Variations of online classes started in the 1980s as an extension of correspondence courses. Higher education became more accessible to rural and low-income students, and continued to grow in popularity. But after the economic collapse in 2008, many higher-ed systems started looking for innovations to make teaching more efficient and less expensive.

In Nevada, for at least 10 years, regents have been pitching plans to reduce institution budgets through cheaper online core courses — the 100-level courses every student must take. And for the same number of years, the “cheaper through technology” premise has been proved wrong over and over. We have ample evidence that while online classes do eliminate the need for some classroom space, they also require space for the equipment and IT support needed for online classes. And the equipment, software and IT support aren’t cheap and require regular upgrades.

Because community colleges specialize in 100-level classes as well as high-tech workforce training, online community college courses flourished. Faculty members designed and taught them. This included lecturing, creating and grading assignments, and handling any remediation needed to ensure students acquired the skills and knowledge needed for a degree.

Once the community colleges began teaching increased numbers of online core courses, the genie couldn’t be put back in the bottle.
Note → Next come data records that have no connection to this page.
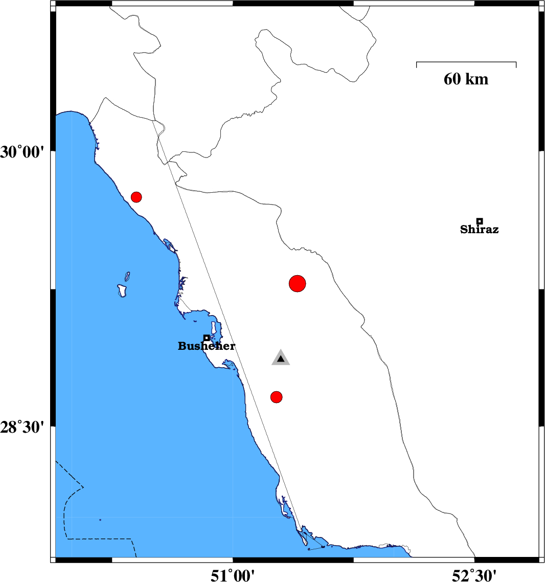 | 2006/09/14 | 02:25:33.8 | 05:55:33.8 | 29.28 | 51.4 | 38 | ML:4.6 | 19 km East of Borazjan, Bushehr Province | ||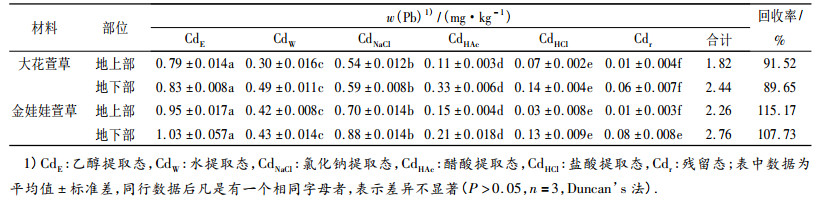 2.3 萱草中Pb、Cd的化学形态分析从表 3可知,大花萱草地上、地下部各种化学形态Pb含量大小为PbHCl > PbNaCl > PbW > PbE > PbHAc > Pbr; 金娃娃萱草地上、地下部Pb含量大小为PbHCl > PbHAc > PbNaCl > PbW > PbE > Pbr.由表 4可看出,大花萱草和金娃娃萱草地上、地下部各种化学形态Cd含量大小均为CdE > CdNaCl > CdW > CdHAc > CdHCl > Cdr; 2种萱草地上、地下部分各种化学形态Pb、Cd含量的回收率均大于87%.
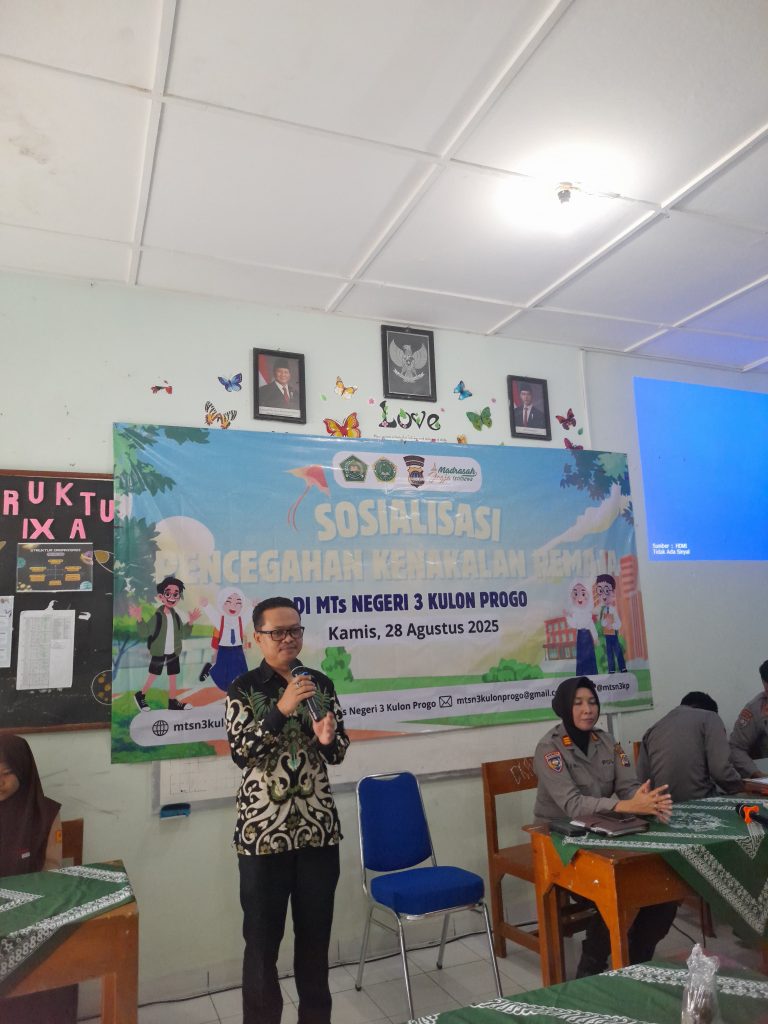 Kulon Progo (MTsN3KP) – Sosialisasi ini bertujuan untuk memberikan pemahaman kepada siswa tentang bahaya dan dampak dari kenakalan remaja serta mengajak mereka untuk berperan aktif dalam mencegah perilaku negatif. Hal ini merupakan wujud sinergritas antara pihak kepolisian dengan madrasah dengan melakukan sosialisasi secara bertahap. Kamis ( 28/8/2025).

We quickly discovered that many students needed that modality of instruction to finish faster or even to go to college at all. Students are employed in the service sector and work schedules that vary week by week, are military personnel who may deploy on a moment’s notice or are parents who can’t afford to go to school and pay for daycare. Without online classes, these Nevadans simply cannot fully benefit from higher education.

Consequently, online classes were here to stay, and faculty members began looking for ways to make them as equivalent to traditional classes as possible. It didn’t take long to discover that mastering technology was only half the battle. How faculty members teach and how students learn are very different in the virtual environment. Both parties needed to relearn how to teach and learn. This is the trajectory that administration and the regents should have fostered, but this didn’t happen because the higher-ed funding formula wasn’t designed to reward improved success, just to get more students into classes.

In 2013 the Legislature passed a new, performance-based funding formula in which money flows only if students persist semester to semester and graduate. This required the Nevada System of Higher Education to recalibrate resources dedicated to services and practices that facilitate student success. The state paid a consultant $90,000 for advice. One of the recommendations was to adopt MOOCs, which were created by California tech companies to shake up higher ed. The consultant encouraged the System of Higher Education to replace core online classes taught by faculty members with online courses that would enroll thousands of students who were unable to enroll in a core class at a regular campus. These new massive online courses consisted of video lectures, computer-graded quizzes, and peer-reviewed discussion questions and papers.

The lectures in these core 100-level classes were presented by “star” faculty members from elite universities to create perfect, online classes. They were filmed in advance. There was no answering of student questions, no working with struggling students. Assignments were canned.

Students largely rejected the MOOC approach in California, finding it a poor, hollow substitute for traditional in-classroom teaching or even online courses taught interactively and directly supervised by a campus faculty member. The $7 million experiment was seen as a cringe-worthy failure; it might have saved money up front, but it did not succeed in educating students.

Back in Nevada, the System of Higher Education paid $90,000 for a report that recommended adopting MOOCs to reduce higher-ed costs.

To avoid wasting the consultant’s whole report, Chancellor Dan Klaich created an eLearning task force to decide which other recommendations to implement as well as devise other solutions for improving online student success. The task force submitted its report last spring, but no action has been taken by the chancellor or the regents. Instead, we’ll be listening to one more presentation about how MOOCs will be the silver bullet that fixes the funding problem. Right — just eliminate teaching and things will be fine.

Is it too much to ask the stewards of our higher-education system to address real problems with real solutions?

Sondra Cosgrove is a history professor at the College of Southern Nevada and has been an online educator since 2004.